As training artificial intelligence (AI) models continues to raise ethical questions, the Dataset Providers Alliance (DPA) aims to bring fairness into the AI landscape by empowering creators and rights holders to decide whether or not to license their material for training purposes.
The DPA was formed from the joint efforts of seven AI licensing companies, including Rightsify, Global Copyright Exchange (GCX), vAIsual, Calliope Networks, ado, Datarade, and Pixta AI, and is expecting at least five new members in the fall. Since its founding last summer, the alliance has published a position paper detailing its views on AI-related issues, particularly unlicensed data scraping.
Unlicensed data scraping has hounded earlier generative AI tools since they were mainly trained on datasets publicly available on the Internet.
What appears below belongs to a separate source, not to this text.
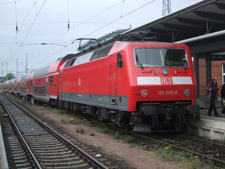 Die ZDF-Lok (120 151-6) bei der Durchfahrt im Bahnhof Plochingen Richtung Stuttgart am 5.05.2009.

As content creators cry foul over the illegal use of their materials while the need for additional datasets grows, the DPA comes forward to rally behind fair and standardized licensing agreements and ensure sufficient datasets for further AI training.
Opt-in system as the ethical route
Existing licensing agreements between rights holders and AI companies range from non-existent to opt-out systems. However, the issue with opt-out systems is that they put the responsibility of filtering the dataset on the owners—and in some cases, owners have no idea about the opt-outs.
The DPA believes that an opt-in system is a more ethical and moral route, as AI companies would have to get the consent of the creators before they can use their data. “Artists and creators should be on board. Selling publicly available datasets is one way to get sued and have no credibility,” said Rightsify CEO Alex Bestall.
Nevertheless, Shayne Longpre, the head of the Data Provenance Initiative, a volunteer group that examines AI datasets, warned that convincing companies to get on board with the opt-in standard could be difficult. “Under this regime, you’re either going to be data-starved, or you’re going to pay a lot,” Longpre explained. “It could be that only a few players, large tech companies, can afford to license all that data.”
Standardized compensations
The alliance also emphasizes that licensing should follow a “free market” approach, wherein data owners and AI companies handle negotiations directly rather than being government-mandated. Further, it proposes five compensation structures to ensure appropriate returns to creators.
According to the paper, the proposed compensation structures consist of a subscription-based mode, “usage-based licensing,” and “outcome-based” licensing that could be applied to any content.
“Looking to standardize compensation structures is potentially a good thing. The Dataset Providers Alliance is in a very good position to put terms out there,” stated Bill Rosenblatt, a technologist who studies copyright. He added that an easy and smooth process is a valuable incentive for AI companies to adopt licensing in the mainstream.
Synthetic data for future AI training
Additionally, the DPA backs several uses of synthetic data, provided that the real data used to create the synthetic data is properly licensed. It argues that artificial data will soon constitute the majority of training datasets for AI models. The alliance also expects synthetic data to be regularly evaluated to “mitigate biases and ethical issues.”
Whether or not these proposals will come true will be largely determined by the participation of AI giants. “There are standards emerging for how to license data ethically. But not enough AI companies are adopting them,” said Ed Newton-Rex, an executive at ethical AI nonprofit Fairly Trained.